Prompt
Please write out only the lines from the one containing "- إدخال رقم الهوية الوطنية/ رقم الإقامة." through the last line of the listing. Do not include pictures.

Information supplied
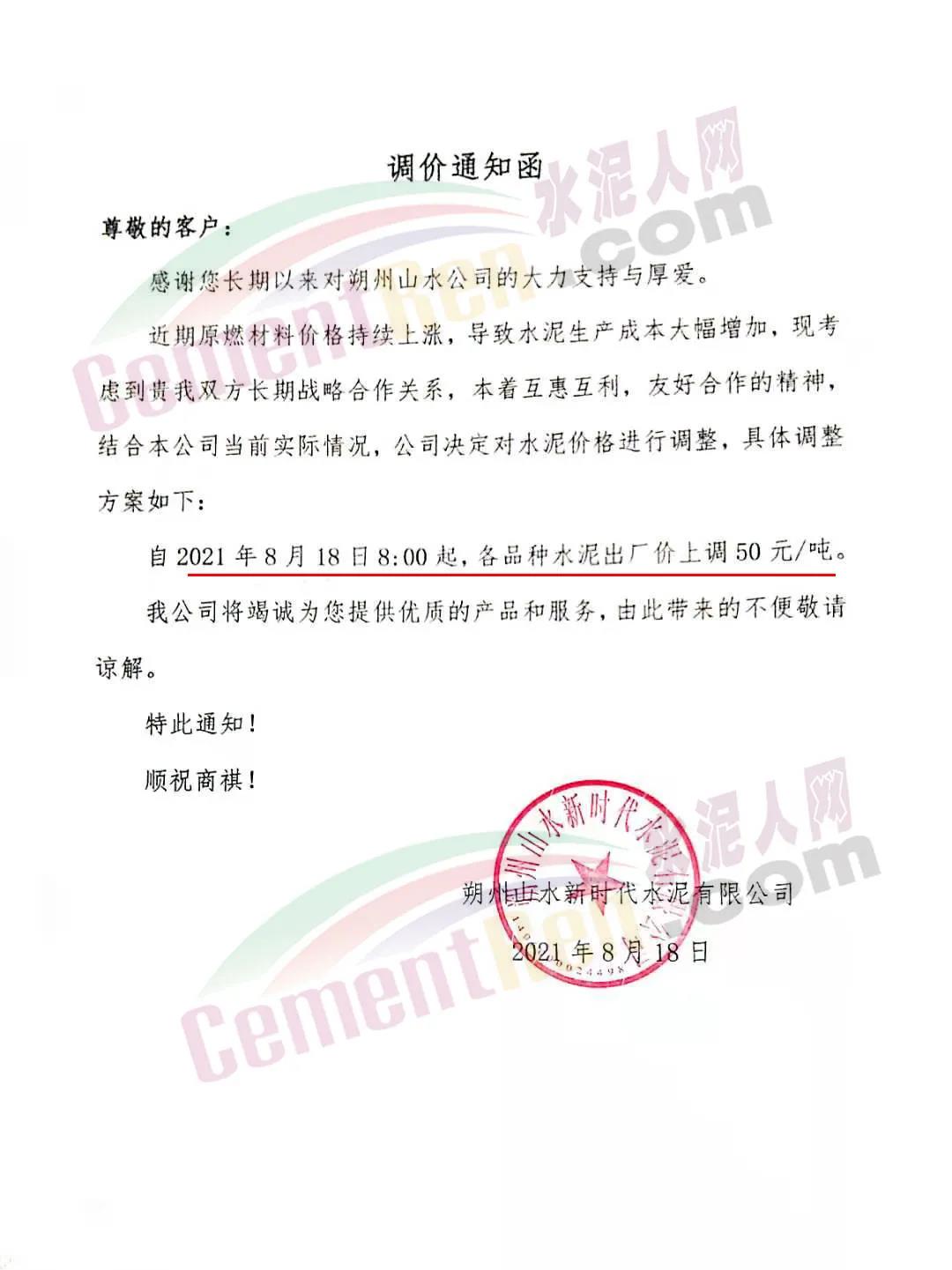 昨日(8月18日)朔州山水新时代水泥有限公司通知,近期原燃材料价格持续上涨,导致水泥生产成本大幅增加,自2021年8月18日8时起,各品种水泥出厂价上调50元/吨。
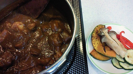 ルーを入れて軽く煮る。トッピングの焼き野菜も載せてみた。
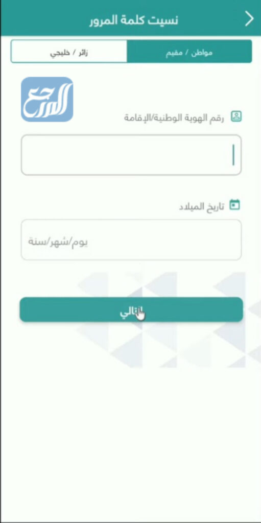 - إدخال رقم الهوية الوطنية/ رقم الإقامة.
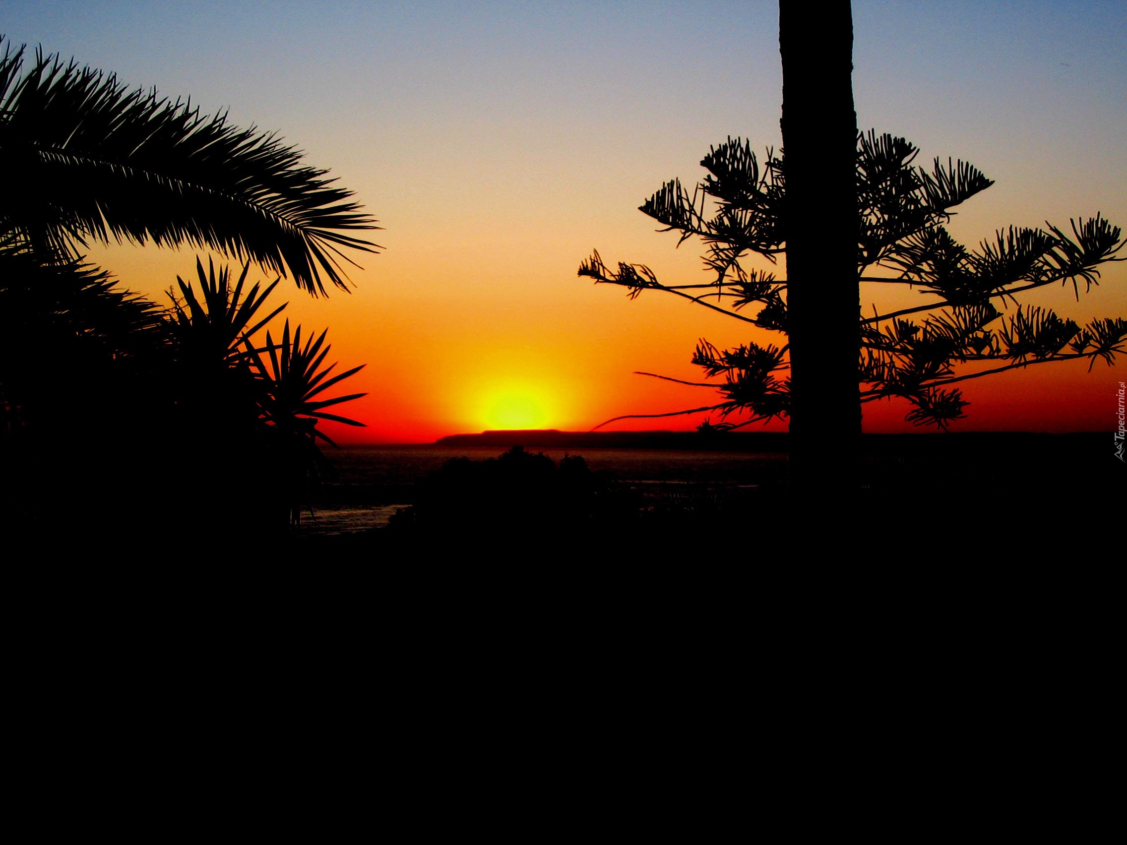 Edytor tapety: Zachód Słońca, Drzewa, Andaluzja

Reply
 - إدخال رقم الهوية الوطنية/ رقم الإقامة.
 Edytor tapety: Zachód Słońca, Drzewa, Andaluzja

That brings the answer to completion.